On the 155th episode of Listen In With KNN on Fox Sports 1340AM, host Kelsey Nicole Nelson welcomed Special Olympics Board member and retired Olympic gymnast Bart Conner to the show. 

Speaking of his gymnastic career, he was a USA Champion, NCAA Champion, Pan-American Games Champion, World Champion, World Cup Champion and Olympic Champion. Conner enjoyed the beauty of his journey that came with all the accolades.

“When you’re growing up, you are trying to figure out what your values are. As a young athlete, my life was quite simple as I trained to see if I can be a champion in gymnastics and accomplished those things. I’m enormously grateful that I had some measurable success that an outsider could see,” he said.

In addition to his athletic career, Conner has his own Gymnastics Academy in Norman, Oklahoma where he has been the owner for over 30 years and has almost 1,000 students in the program. It’s been an opportunity to teach the kids to be resilient as a gymnast. 
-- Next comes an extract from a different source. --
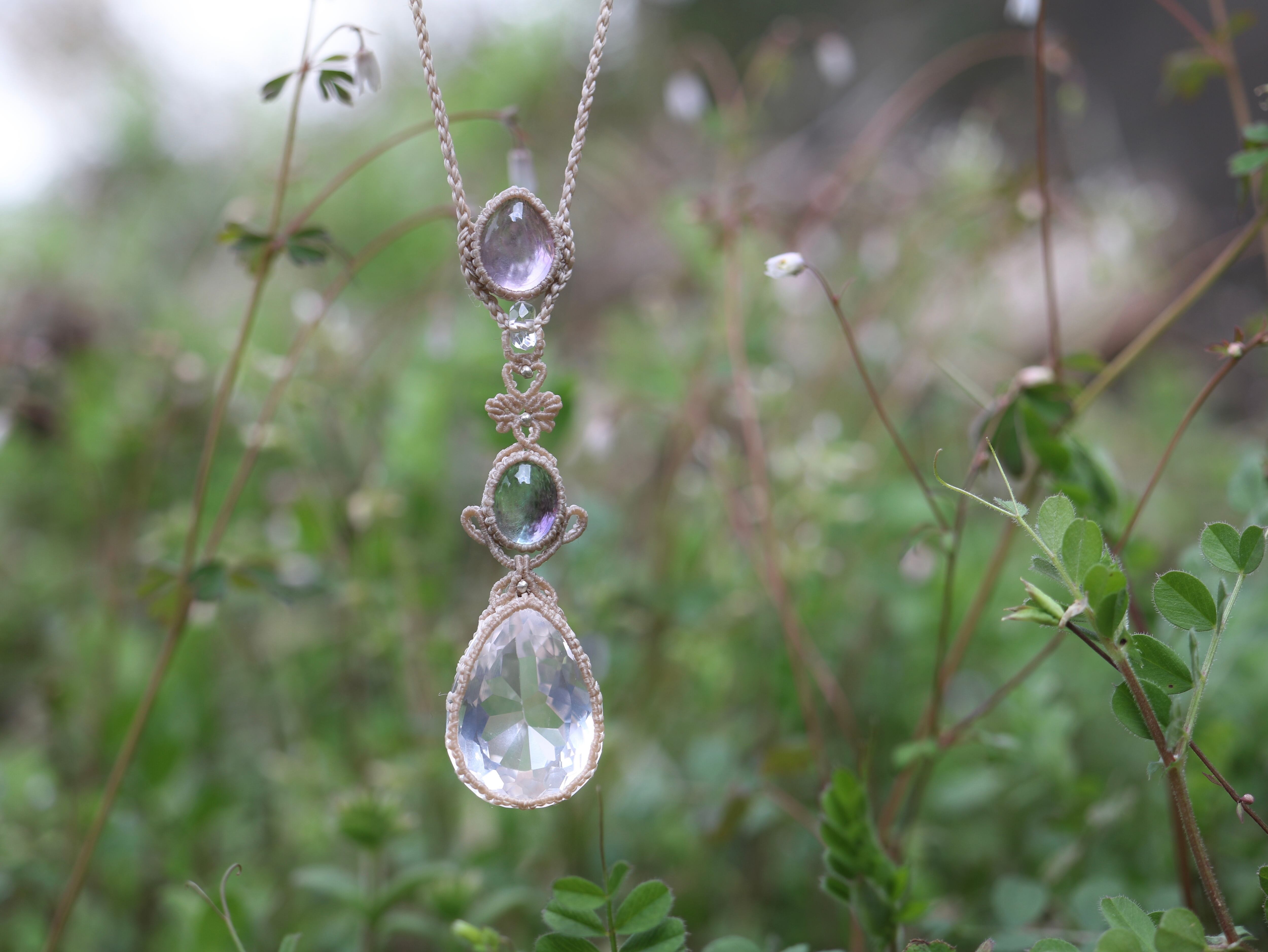 カットローズクオーツ × フローライト ペンダント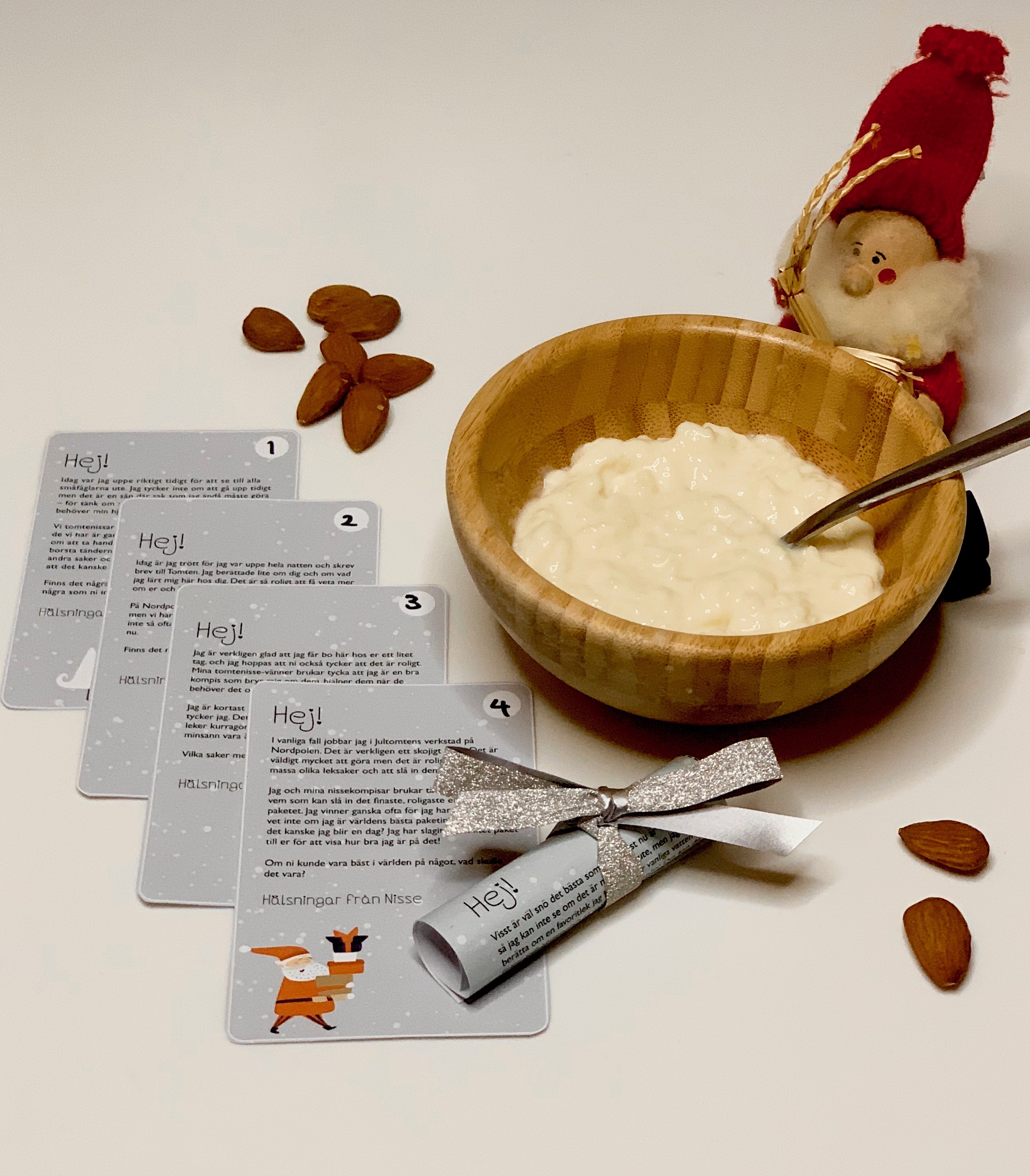 - Barnen öppnar kylskåpet på morgonen och ser att mjölkpaketet ser ut som tomten?! Måste ha varit Nisse som har busat!

“It takes years before you get to the point where you can do anything respectable in the sport. This is the perfect place to learn all the important values about resilience, hard work and determination that we see as adults are important to teach our children. The beauty of gymnastics is it takes a long time to get good in the sport and you have to have that focus and be willing to take small incremental progress,” Conner said.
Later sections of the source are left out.